Pictures in the listing below are skipped, while the lines from the "MG3的三幅方向盤設計非常出" line through the "weißlichen Punkten, gehalten." line are returned word for word.

*** DATA FOR THE TASK Section Begins ***

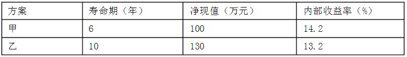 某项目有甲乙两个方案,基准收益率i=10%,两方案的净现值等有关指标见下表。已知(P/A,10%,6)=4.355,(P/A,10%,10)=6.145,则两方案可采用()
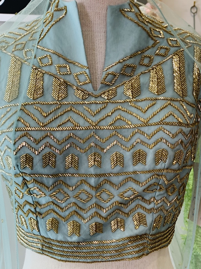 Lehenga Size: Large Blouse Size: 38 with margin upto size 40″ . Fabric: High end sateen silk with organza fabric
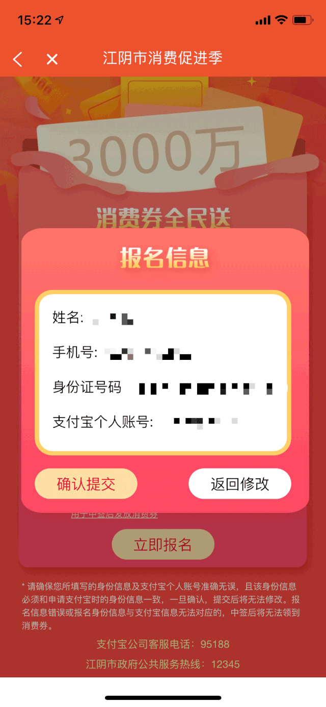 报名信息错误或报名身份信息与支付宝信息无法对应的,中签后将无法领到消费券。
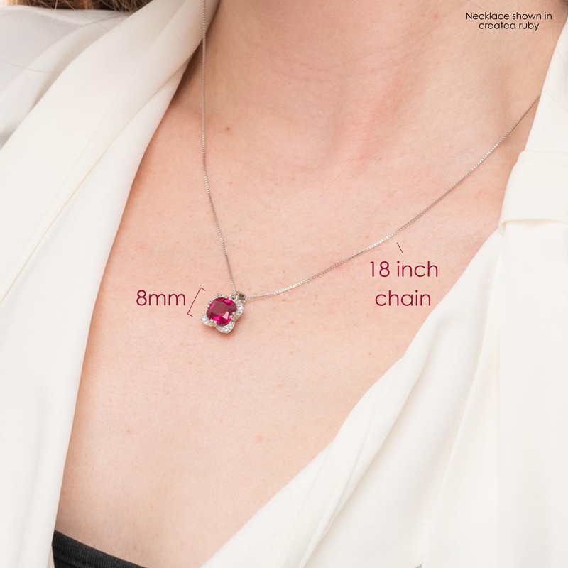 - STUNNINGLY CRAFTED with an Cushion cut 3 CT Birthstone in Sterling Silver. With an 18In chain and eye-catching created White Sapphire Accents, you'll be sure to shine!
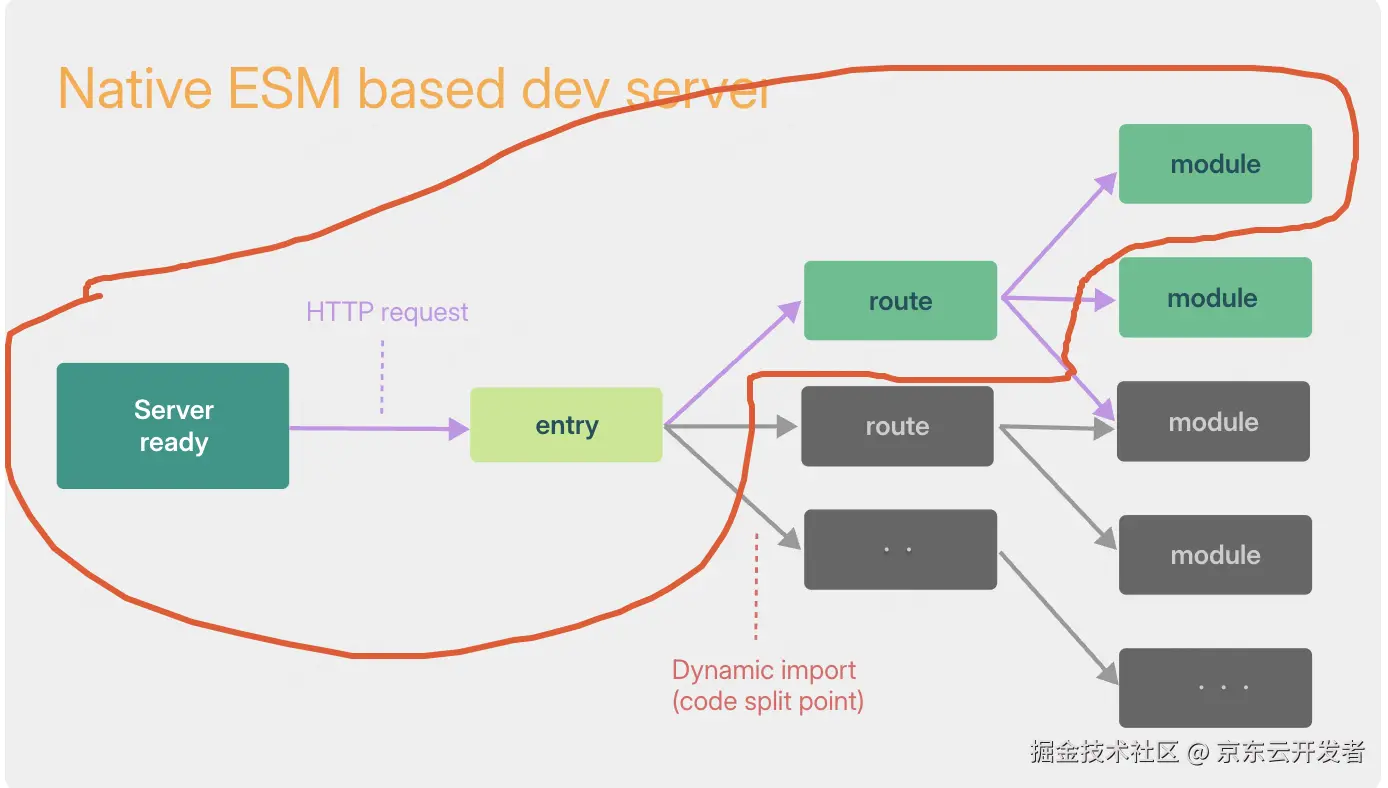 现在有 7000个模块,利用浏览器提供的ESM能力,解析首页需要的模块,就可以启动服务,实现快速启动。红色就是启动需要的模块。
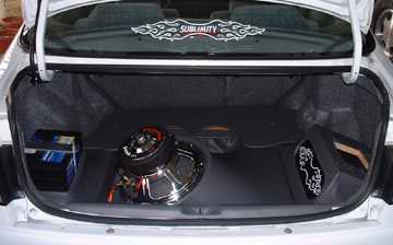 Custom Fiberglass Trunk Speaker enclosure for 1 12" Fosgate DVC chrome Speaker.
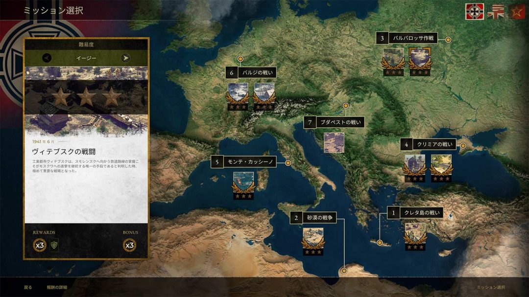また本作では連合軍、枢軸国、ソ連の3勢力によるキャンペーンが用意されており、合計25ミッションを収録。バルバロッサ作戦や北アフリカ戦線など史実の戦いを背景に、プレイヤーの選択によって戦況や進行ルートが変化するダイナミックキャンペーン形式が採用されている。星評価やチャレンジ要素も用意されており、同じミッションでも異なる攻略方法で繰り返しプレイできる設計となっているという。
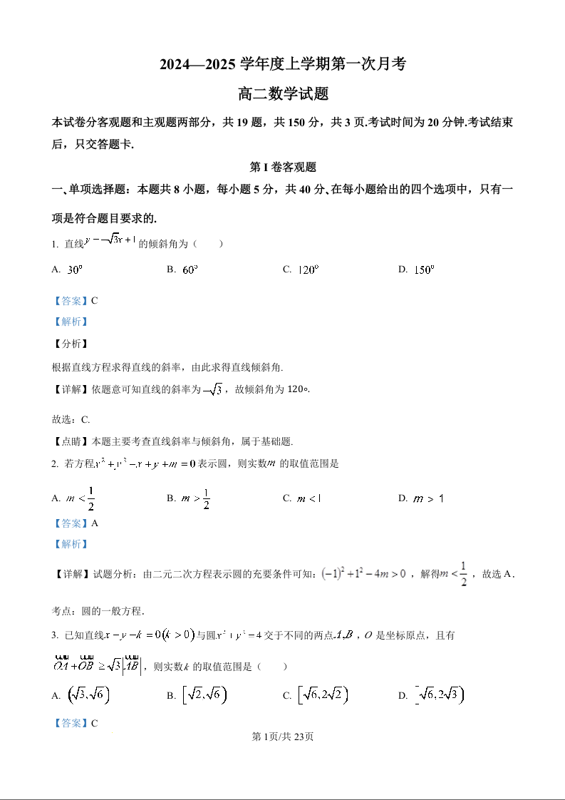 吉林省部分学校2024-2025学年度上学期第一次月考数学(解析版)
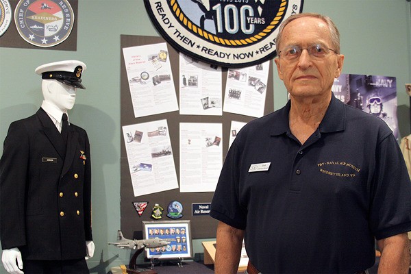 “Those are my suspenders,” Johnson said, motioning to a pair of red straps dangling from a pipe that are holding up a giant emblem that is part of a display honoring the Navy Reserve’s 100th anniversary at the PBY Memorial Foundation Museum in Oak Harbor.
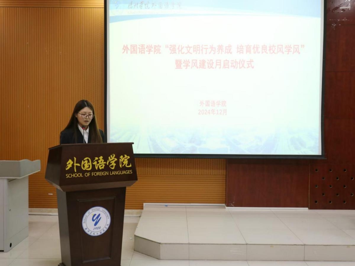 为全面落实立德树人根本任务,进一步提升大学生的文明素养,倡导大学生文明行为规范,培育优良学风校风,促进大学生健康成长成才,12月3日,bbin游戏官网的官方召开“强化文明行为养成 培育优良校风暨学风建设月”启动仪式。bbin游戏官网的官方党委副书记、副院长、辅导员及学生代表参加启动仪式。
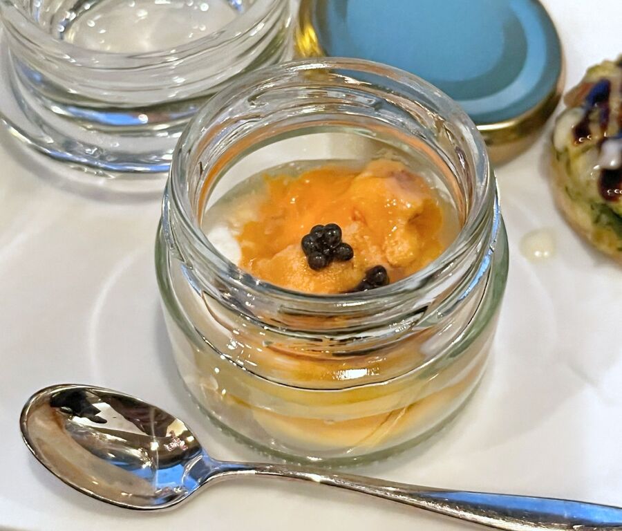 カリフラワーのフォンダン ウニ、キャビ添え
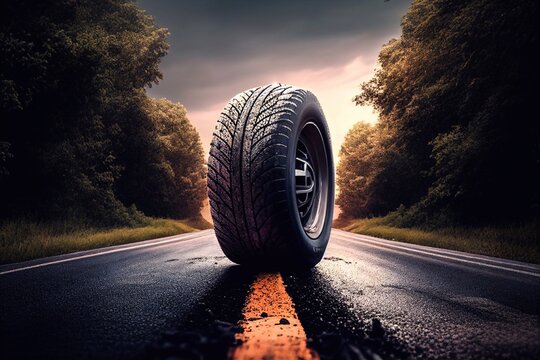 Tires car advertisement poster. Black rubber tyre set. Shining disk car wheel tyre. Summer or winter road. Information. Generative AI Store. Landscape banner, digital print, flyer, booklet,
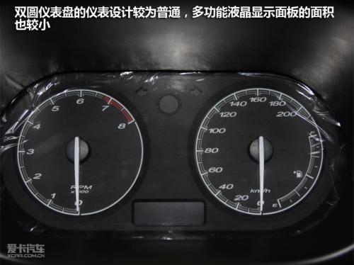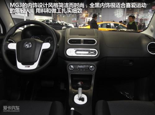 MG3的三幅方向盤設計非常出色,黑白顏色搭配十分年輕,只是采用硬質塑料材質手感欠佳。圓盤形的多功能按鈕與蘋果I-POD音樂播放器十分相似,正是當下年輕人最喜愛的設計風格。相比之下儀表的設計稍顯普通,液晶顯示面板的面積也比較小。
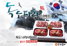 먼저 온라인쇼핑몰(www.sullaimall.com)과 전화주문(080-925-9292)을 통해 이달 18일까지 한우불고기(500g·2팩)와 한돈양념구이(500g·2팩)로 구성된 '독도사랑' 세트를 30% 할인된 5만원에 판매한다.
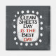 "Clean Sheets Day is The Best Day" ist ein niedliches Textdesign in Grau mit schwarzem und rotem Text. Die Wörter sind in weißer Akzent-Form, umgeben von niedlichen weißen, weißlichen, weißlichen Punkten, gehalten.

*** DATA FOR THE TASK Section Ends ***
*** DATA FOR THE TASK Section Begins ***

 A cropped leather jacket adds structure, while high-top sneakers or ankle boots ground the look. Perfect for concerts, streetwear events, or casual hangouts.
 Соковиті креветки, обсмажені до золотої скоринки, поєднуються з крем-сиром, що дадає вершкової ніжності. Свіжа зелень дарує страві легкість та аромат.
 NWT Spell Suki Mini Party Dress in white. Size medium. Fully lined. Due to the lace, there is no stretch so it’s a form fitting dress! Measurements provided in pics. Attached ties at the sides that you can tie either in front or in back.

*** DATA FOR THE TASK Section Ends ***

> _RESULT_:
 MG3的三幅方向盤設計非常出色,黑白顏色搭配十分年輕,只是采用硬質塑料材質手感欠佳。圓盤形的多功能按鈕與蘋果I-POD音樂播放器十分相似,正是當下年輕人最喜愛的設計風格。相比之下儀表的設計稍顯普通,液晶顯示面板的面積也比較小。
 먼저 온라인쇼핑몰(www.sullaimall.com)과 전화주문(080-925-9292)을 통해 이달 18일까지 한우불고기(500g·2팩)와 한돈양념구이(500g·2팩)로 구성된 '독도사랑' 세트를 30% 할인된 5만원에 판매한다.
 "Clean Sheets Day is The Best Day" ist ein niedliches Textdesign in Grau mit schwarzem und rotem Text. Die Wörter sind in weißer Akzent-Form, umgeben von niedlichen weißen, weißlichen, weißlichen Punkten, gehalten.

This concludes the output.